The University of California in Irvine recently announced that “a hacking program that records the keystrokes of computer users” was discovered on three computers in one of their facilities, according to an article published on the AllGov California web site. The article indicates that this program lived on workstations at the Student Health Center for “six weeks” and authorities estimate that it “may have captured the personal data of approximately 1,800 students and 23 non-students.”

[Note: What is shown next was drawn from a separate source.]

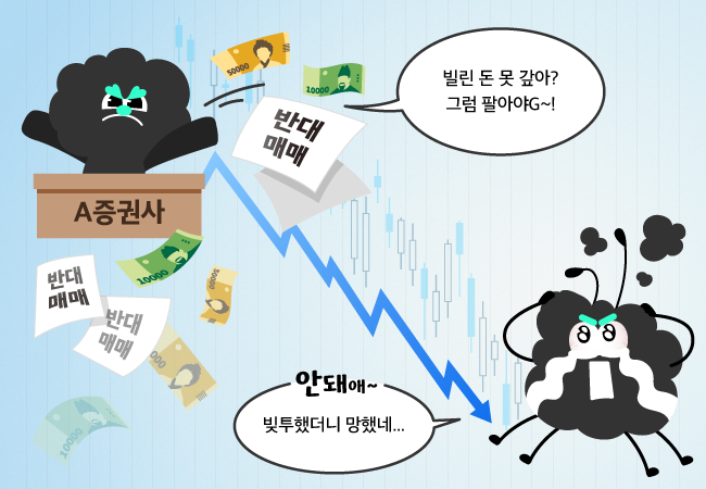 반대매매는 투자자가 증권사로부터 외상으로 산 주식(미수거래)의 거래대금을 못 갚거나 담보로 잡은 주식이 하락했을 때 증권사가 주식을 강제 처분하는 걸 말하는데요, 보통 반대매매가 이뤄질 경우 증권사는 상환에 필요한 만큼의 주식 물량을 개장과 동시에 하한가로 팔아버린다고 해요. 결국 반대매매 매물이 많이 나올수록 해당 종목의 주가가 낮아지게 되는 거죠.📉

The article confirmed that the breach was originally reported on May 14 by PHIprivacy.net. In response to the report, J. Patrick Haines, Executive Director of the Student Health Center, notified “potentially affected parties” by letter advising that “the malware was active between February 14 and March 27 and transmitted the data to unauthorized servers outside the UC network”, according to the article. Those notified were advised, according to the article, that the compromised information may include “names, unencrypted medical information, student ID numbers, non-student patient ID numbers, mailing addresses, telephone numbers, amounts paid for health center services, and bank and check information for aforementioned expenditures.”
According to the article, the center director stated, “We have no indication that the data have been fraudulently used” but noted that the university had been notified by the California Information Security Office in the California Department of Technology (CDT) regarding the breach on March 27 but gave “no explanation how they became involved.” University authorities could not confirm specifically what type of “keylogger” was used in this attack or if any “employee system login credentials” were compromised during the event, according to the article. Confirmation of these details would be helpful to accurately gauge the effect of this event and allow authorities to measure its possible aftermath.